DIRECTIONS - In your copy, include every record exactly and no pictures.

*** Opening EXERCISE INPUTS ***

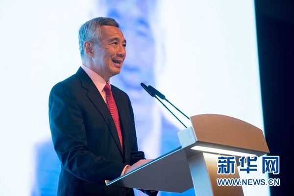 新加坡总理李显龙出席新加坡中华总商会110周年庆典晚宴并致辞。新华网发(王应耀 摄)
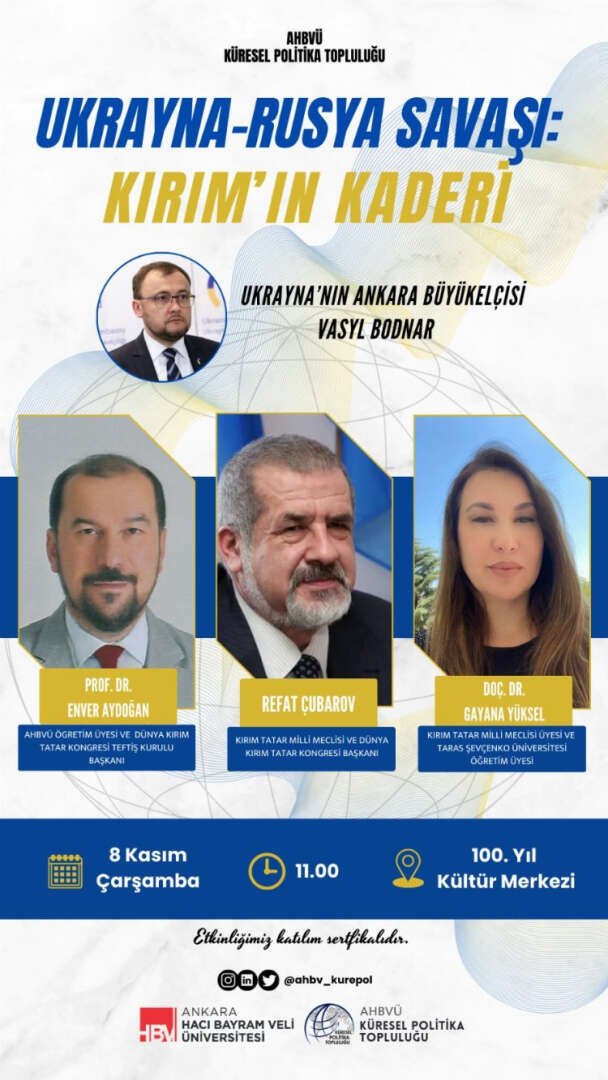 KTMM Başkanı Çubarov, yarın Ankara Hacı Bayram Veli Üniversitesine (AHBVÜ) konuk olacak. Çubarov, üniversitenin 100. Yıl Salonu'nda gerçekleştirilecek olan ve Ukrayna'nın Ankara Büyükelçisi Vasıl Bodnar'ın davetli olacağı "Ukrayna-Rusya Savaşı: Kırım'ın Kaderi" başlıklı konferansta konuşmacı olacak. Ayrıca konferansta DQTK Teftiş Kurulu Başkanı, AHBVÜ Öğretim Üyesi Prof. Dr. Enver Aydoğan ile KTMM üyesi, İstanbul Üniversitesi Öğretim Üyesi Doç. Dr. Gayana Yüksel de konuşmacı olarak yer alacak.
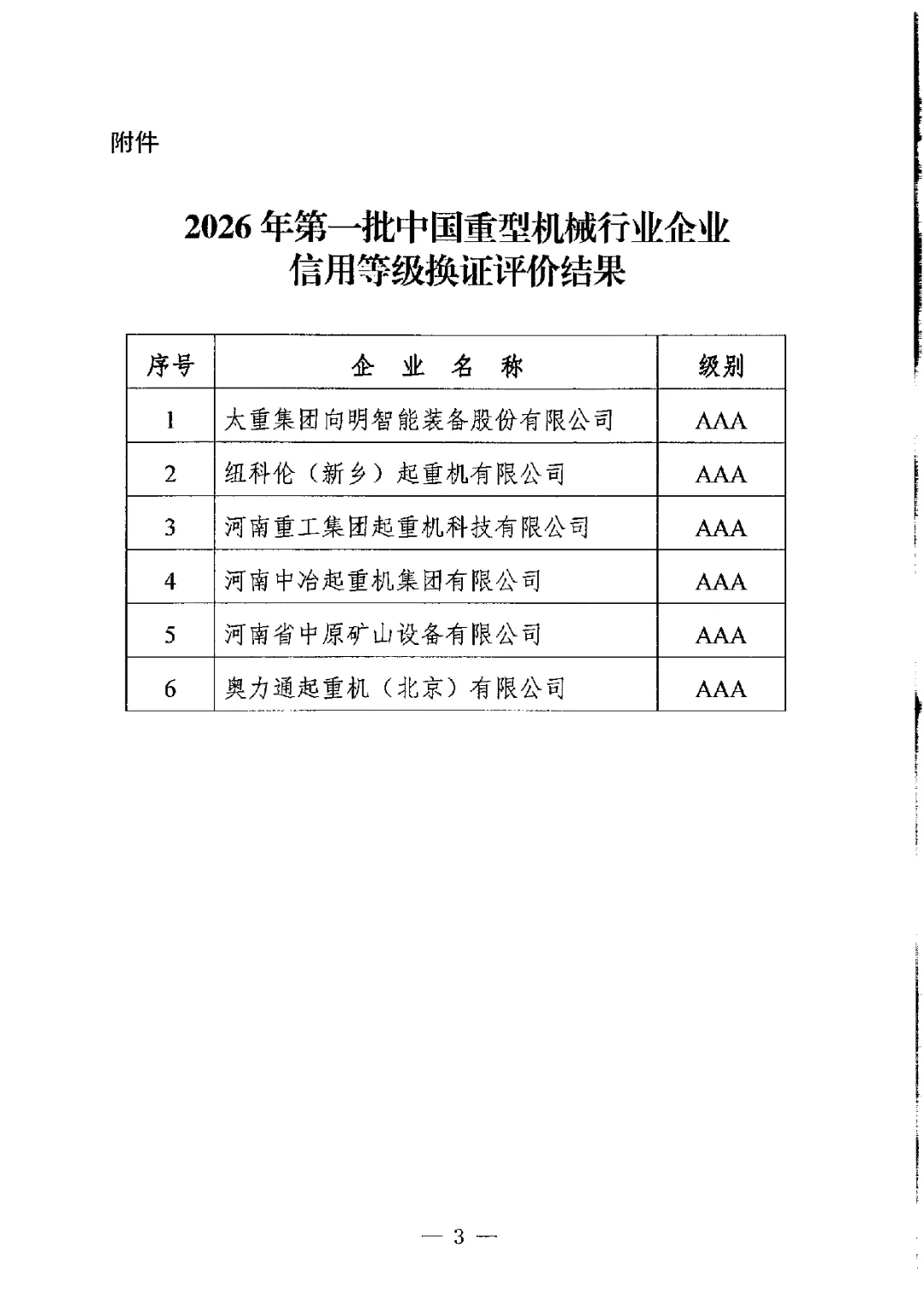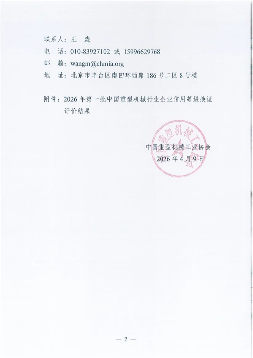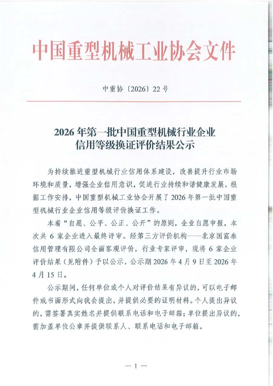 2026年第一批中国重型机械行业企业信用等级换证评价结果公示
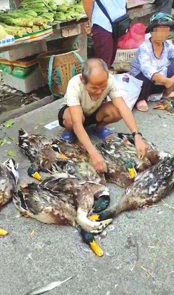 “本来趁着节日拿出来卖,很不容易,没想到鸭子死了,卖不掉就浪费了。”张先生介绍,在当地,过节时有不少老人会从乡下把自己种的菜、养的家禽背到集市卖。他当时听老人说鸭子是自己养的从乡下背来的,在当地这种鸭子一般25元一斤,一只能卖150元左右。
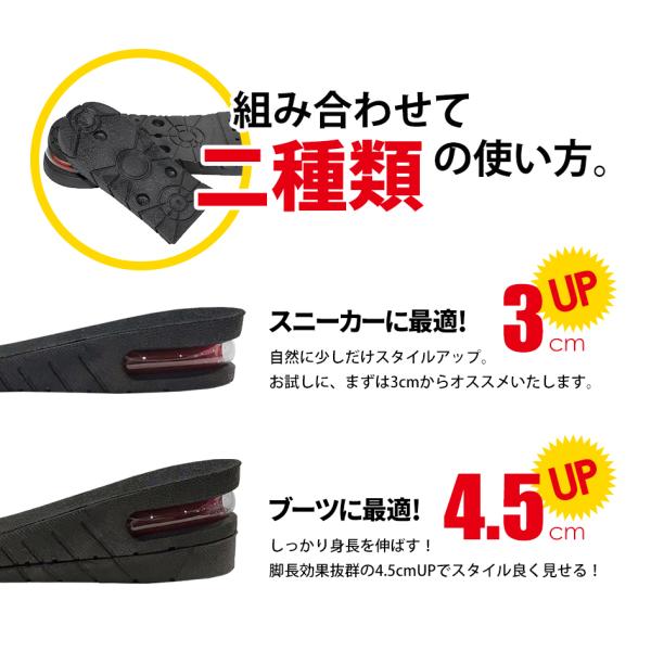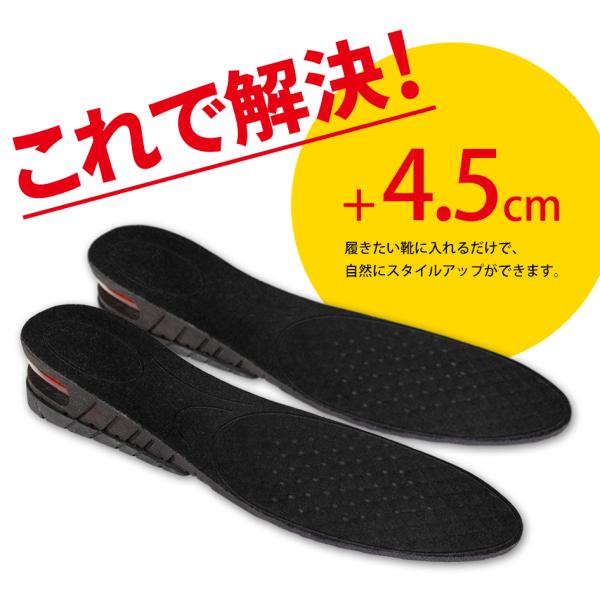 インソール 靴 中敷き 4.5cm 身長UP シークレットインソール 男女兼用 フリーサイズ エアクッション搭載 サイズ調整可 高さ 3cm / 4.5cm 両足 国内検品
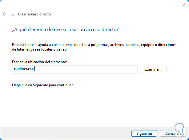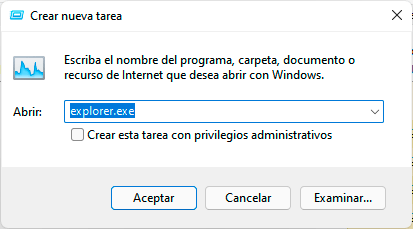 Ingresamos "explorer.exe" en la ventana emergente:
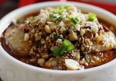 3、在大钵中放入盐、味精、白糖、酱油、醋、炒过的姜蒜豆豉、红油辣椒、花椒油、香油、油炸花生仁搅拌均匀兑成调味汁。
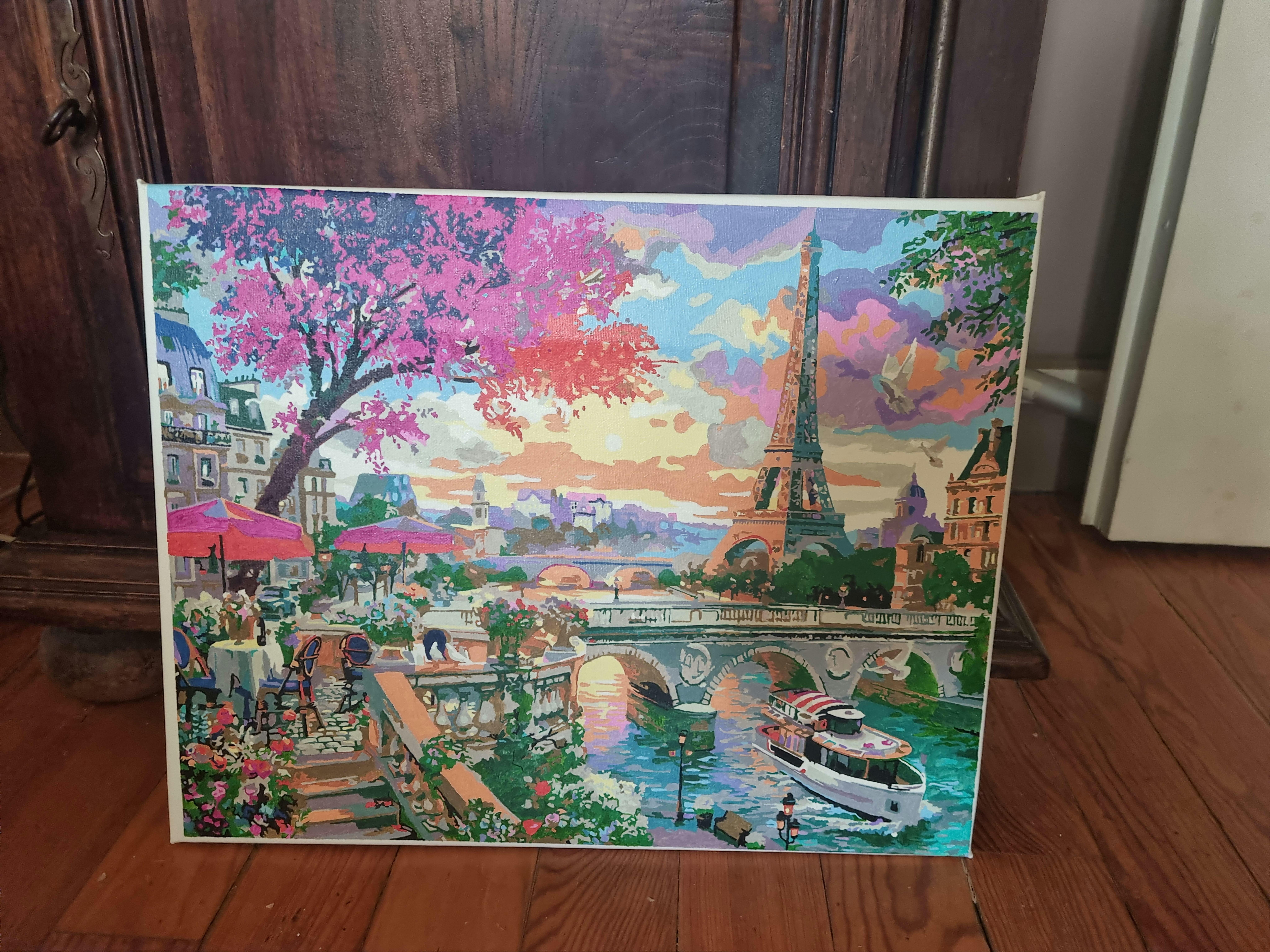 Very beautiful painting with all the necessary elements, I really appreciated it! Very pretty. Very relaxing. The amount of paint put in the small pots is enough to paint the entire canvas so don't hesitate to put a lot of acrylic on the light areas because the numbers are difficult to hide otherwise. I bought the 'canvas stretched on frame' model as I always do, and as always I am satisfied. Note that there is excellent contact with the company, particularly with Claire. In case of any problems, you are dealing with a person, not a chatbot. Figure d'art is very easily reachable on Messenger. For painting, I bought brushes from an art store. I took 0 and 3/0 from the Jaxhair brand, which can be found online at 'géant des beaux arts' or directly in stores. Without the 0 and 3/0 brushes, it is difficult to get as close as possible to the drawing proposed by the photo. I am very satisfied and this is the 4th time I have ordered a canvas on frame from figure d'art, so I highly recommend it.
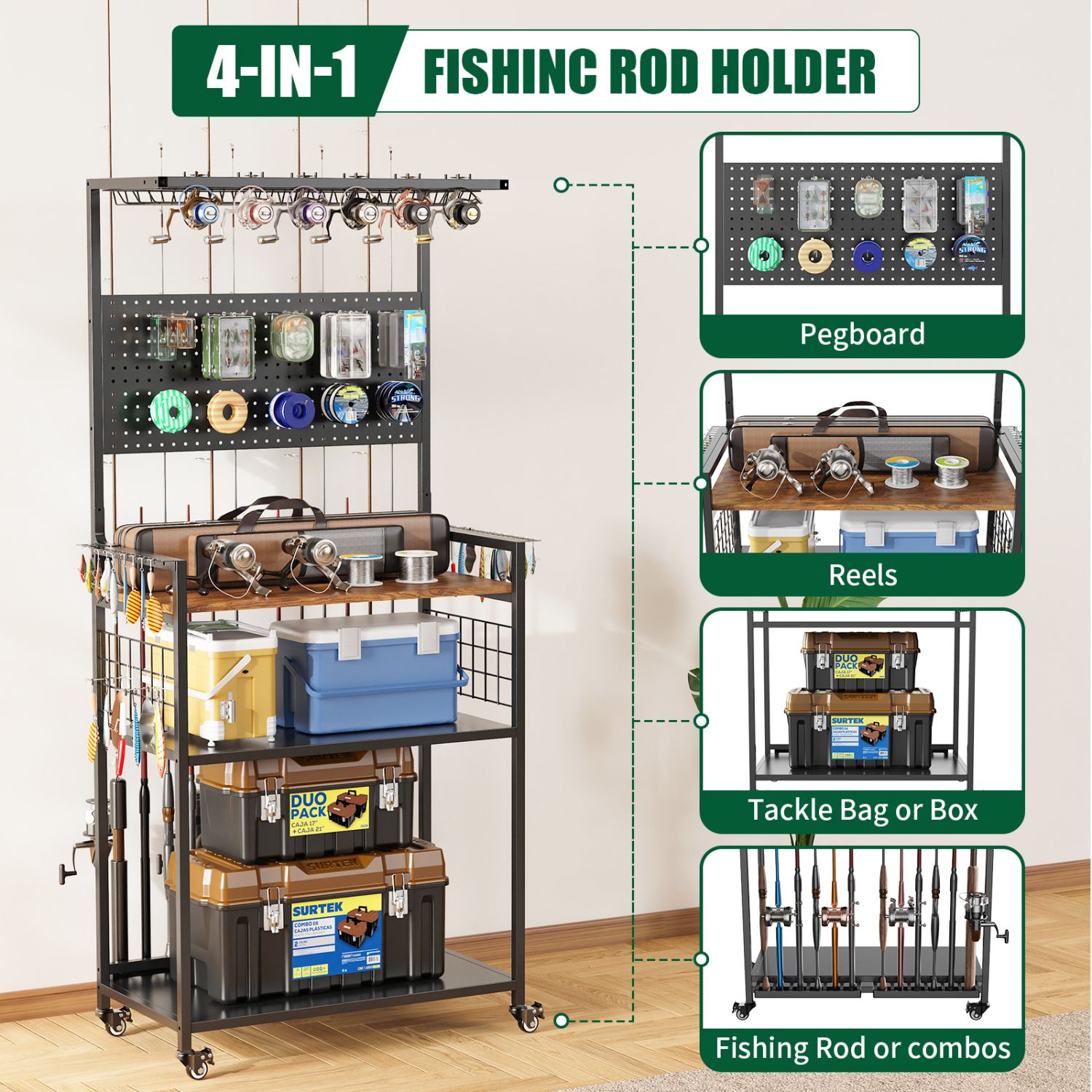 4-in-1 Storage System with Pegboard: Integrated pegboard, rod holders, reel storage rack, and multi-tier shelves provide versatile storage options. Easily customize hooks and layouts to fit your fishing setup.
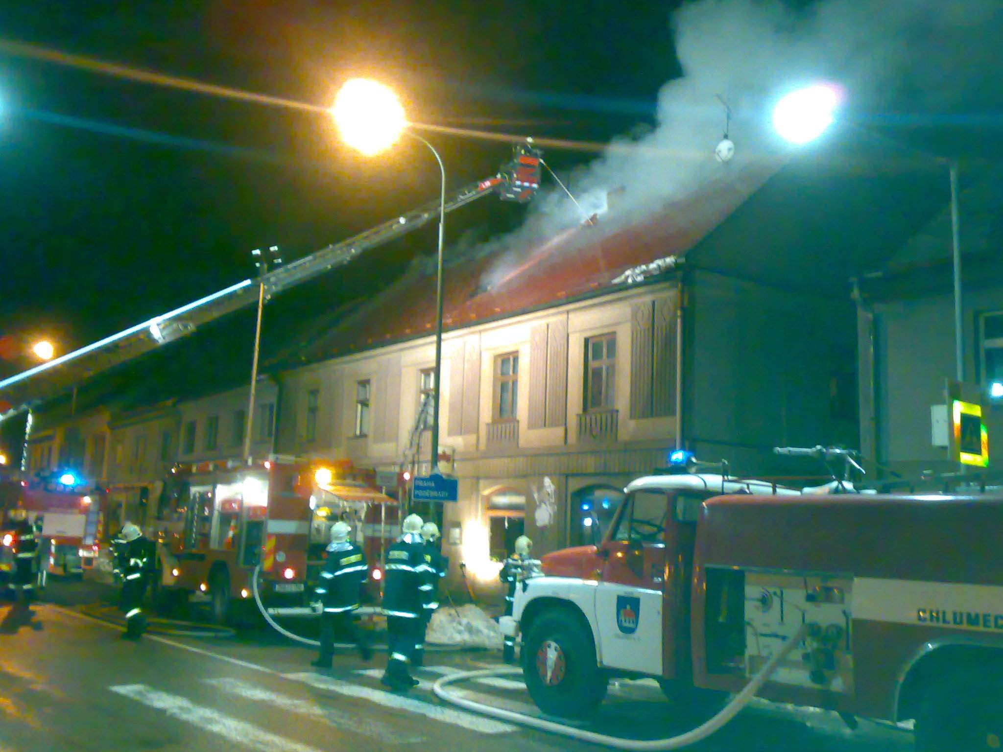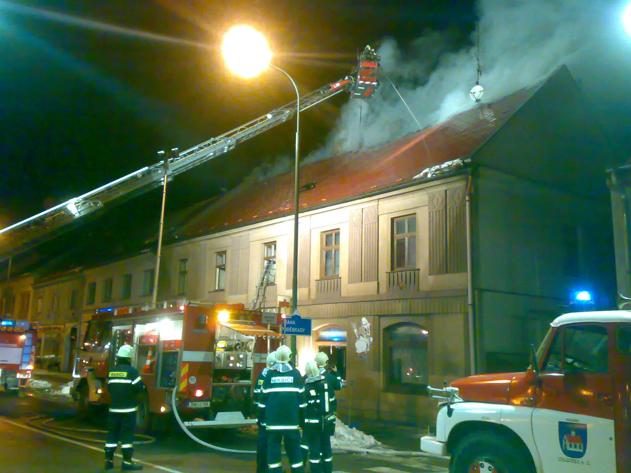 Fotky z požáru restaurace U Jelena, Chlumec nad Cidlinou, 1.1.2011

*** Closing EXERCISE INPUTS ***

FINISHED EXERCISE -
 新加坡总理李显龙出席新加坡中华总商会110周年庆典晚宴并致辞。新华网发(王应耀 摄)
 KTMM Başkanı Çubarov, yarın Ankara Hacı Bayram Veli Üniversitesine (AHBVÜ) konuk olacak. Çubarov, üniversitenin 100. Yıl Salonu'nda gerçekleştirilecek olan ve Ukrayna'nın Ankara Büyükelçisi Vasıl Bodnar'ın davetli olacağı "Ukrayna-Rusya Savaşı: Kırım'ın Kaderi" başlıklı konferansta konuşmacı olacak. Ayrıca konferansta DQTK Teftiş Kurulu Başkanı, AHBVÜ Öğretim Üyesi Prof. Dr. Enver Aydoğan ile KTMM üyesi, İstanbul Üniversitesi Öğretim Üyesi Doç. Dr. Gayana Yüksel de konuşmacı olarak yer alacak.
 2026年第一批中国重型机械行业企业信用等级换证评价结果公示
 “本来趁着节日拿出来卖,很不容易,没想到鸭子死了,卖不掉就浪费了。”张先生介绍,在当地,过节时有不少老人会从乡下把自己种的菜、养的家禽背到集市卖。他当时听老人说鸭子是自己养的从乡下背来的,在当地这种鸭子一般25元一斤,一只能卖150元左右。
 インソール 靴 中敷き 4.5cm 身長UP シークレットインソール 男女兼用 フリーサイズ エアクッション搭載 サイズ調整可 高さ 3cm / 4.5cm 両足 国内検品
 Ingresamos "explorer.exe" en la ventana emergente:
 3、在大钵中放入盐、味精、白糖、酱油、醋、炒过的姜蒜豆豉、红油辣椒、花椒油、香油、油炸花生仁搅拌均匀兑成调味汁。
 Very beautiful painting with all the necessary elements, I really appreciated it! Very pretty. Very relaxing. The amount of paint put in the small pots is enough to paint the entire canvas so don't hesitate to put a lot of acrylic on the light areas because the numbers are difficult to hide otherwise. I bought the 'canvas stretched on frame' model as I always do, and as always I am satisfied. Note that there is excellent contact with the company, particularly with Claire. In case of any problems, you are dealing with a person, not a chatbot. Figure d'art is very easily reachable on Messenger. For painting, I bought brushes from an art store. I took 0 and 3/0 from the Jaxhair brand, which can be found online at 'géant des beaux arts' or directly in stores. Without the 0 and 3/0 brushes, it is difficult to get as close as possible to the drawing proposed by the photo. I am very satisfied and this is the 4th time I have ordered a canvas on frame from figure d'art, so I highly recommend it.
 4-in-1 Storage System with Pegboard: Integrated pegboard, rod holders, reel storage rack, and multi-tier shelves provide versatile storage options. Easily customize hooks and layouts to fit your fishing setup.
 Fotky z požáru restaurace U Jelena, Chlumec nad Cidlinou, 1.1.2011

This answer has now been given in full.